The sell-off after the government's reopening: Is it the beginning of a four-year bear market, or a "halftime" in the bull market?

CN
PANews
Follow
4 hours ago

Author: BlockWeeks

The past 72 hours have been confusing for cryptocurrency traders. After more than 40 days of government shutdown, the U.S. government finally announced its reopening, but the market's anticipated celebration did not materialize. Instead, we witnessed a textbook-style crash in both the U.S. stock and cryptocurrency markets on November 13, with Bitcoin's price quickly retreating after the confirmation of the news, briefly falling below the critical psychological level of $100,000.

The market seems to be at a standstill. On one hand, the macroeconomic tailwinds (the Federal Reserve's easing policy) are stronger than ever; on the other hand, short-term price action shows signs of fatigue and uncertainty.

The core question investors face now is: Are we experiencing a healthy pullback within a larger structural bull market, or is this the beginning of a four-year cycle bear market?

To answer this question, we must break down the three conflicting core narratives currently present in the market.

1. Seeking the Sword: Why Did the 2019 Script Fail?

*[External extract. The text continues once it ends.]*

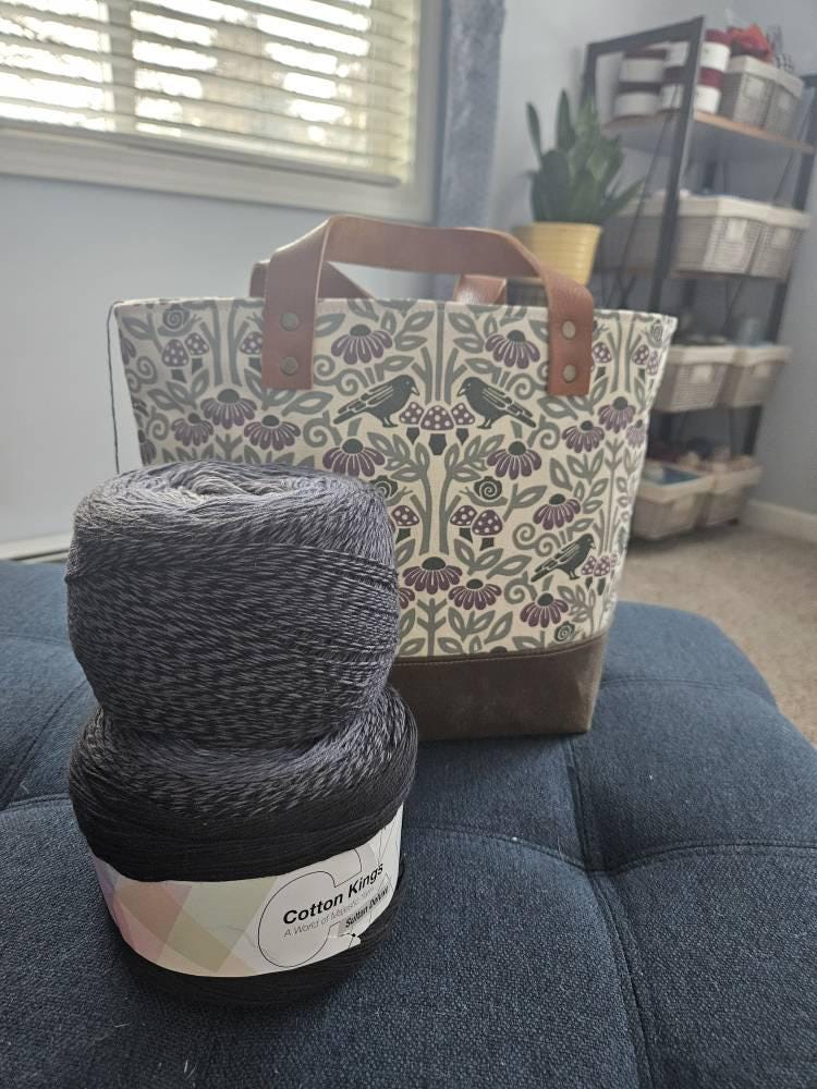 I love this bag, and the gussetted bottom is perfect to fit the size yarn cakes I tend to work with. This bag will fit 4 cakes of Hobbii Sultan Deluxe, which are 1k of sport weight yarn each.

Many traders have referenced the market performance after the government reopened in January 2019. At that time, Bitcoin soared from about $3,500 to $13,000 over the next five months, an astonishing increase.

However, the 2025 market has clearly not replicated this script.

BlockWeeks interprets this as: the market has matured.

Unlike in 2019, the 2025 market has fully priced in the certainty of "the government will eventually reopen" over the course of more than a month. When the shoe finally dropped, it was no longer the "alpha" driving prices but merely a confirmed "beta."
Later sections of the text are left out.